The use of multiple tracers combining both inert and reactive tracers is potentially a powerful tool to reduce the ambiguities caused by using only inert tracers (Tomich et al., 1973, Field and Pinsky, 2000, Geyer et al., 2007). The purpose of this study was to identify several reactive ester tracers and test their usefulness for determining the quantity of residually trapped CO₂ in geological formations under a wide range of conditions. The reactive ester tracers will have a higher partition coefficient into CO₂ compared to water and are referred to in this paper as CO₂ partitioning tracers. The corresponding hydrolysis products of the esters will, compared to the parent esters, be partitioned into the water more and are referred to in this paper as water partitioning tracers.

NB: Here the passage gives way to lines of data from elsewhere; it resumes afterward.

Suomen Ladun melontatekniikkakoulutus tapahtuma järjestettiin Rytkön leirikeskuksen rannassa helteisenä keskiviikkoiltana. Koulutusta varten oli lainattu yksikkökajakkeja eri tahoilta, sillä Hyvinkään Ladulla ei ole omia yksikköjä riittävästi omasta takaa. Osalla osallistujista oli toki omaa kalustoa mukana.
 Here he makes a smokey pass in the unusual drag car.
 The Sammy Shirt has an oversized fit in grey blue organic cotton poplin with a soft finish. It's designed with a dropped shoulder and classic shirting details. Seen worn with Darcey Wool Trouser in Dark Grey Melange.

The laboratory characterisation of selected tracers was undertaken at pressure and temperature regimes appropriate for injection into the target reservoir at the CO2CRC field site. The critical parameters set for assessing the suitability of individual esters as tracers in field trials are as follows:

• Environmental safety.

• High solubility in water.

• Detectability of tracers at low concentrations using GCMS.

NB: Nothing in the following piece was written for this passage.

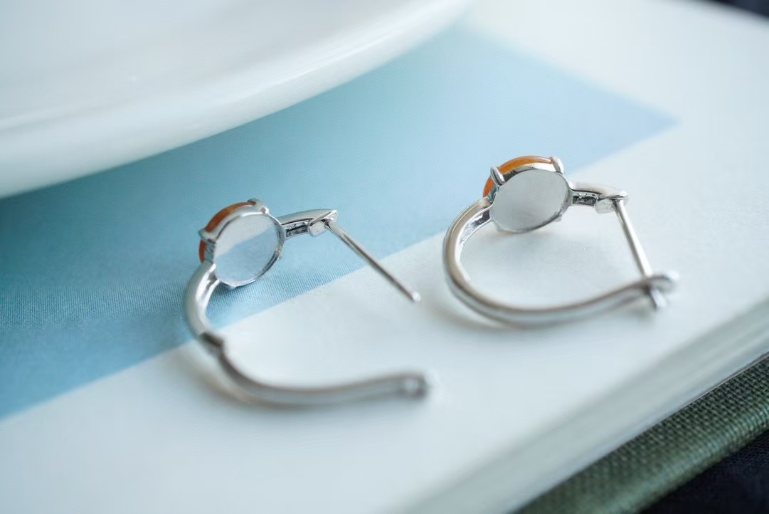 119822 翡翠冰黃平安扣耳扣 (6.2mm直徑)

• Suitable hydrolysis kinetics.

• Differential partitioning of parent and daughter products between supercritical CO₂ and water.

• Minimal effects on the surface properties of the rock matrix.

Once a suite of suitable chemicals had been identified an experimental program to determine their supercritical CO₂/water partition coefficients was set-up. This required the design and commissioning of a high-pressure cylinder which allowed for the sampling of fluids at reservoir conditions. The selection criteria for the proposed tracers will be addressed in detail in the Discussion section of this manuscript.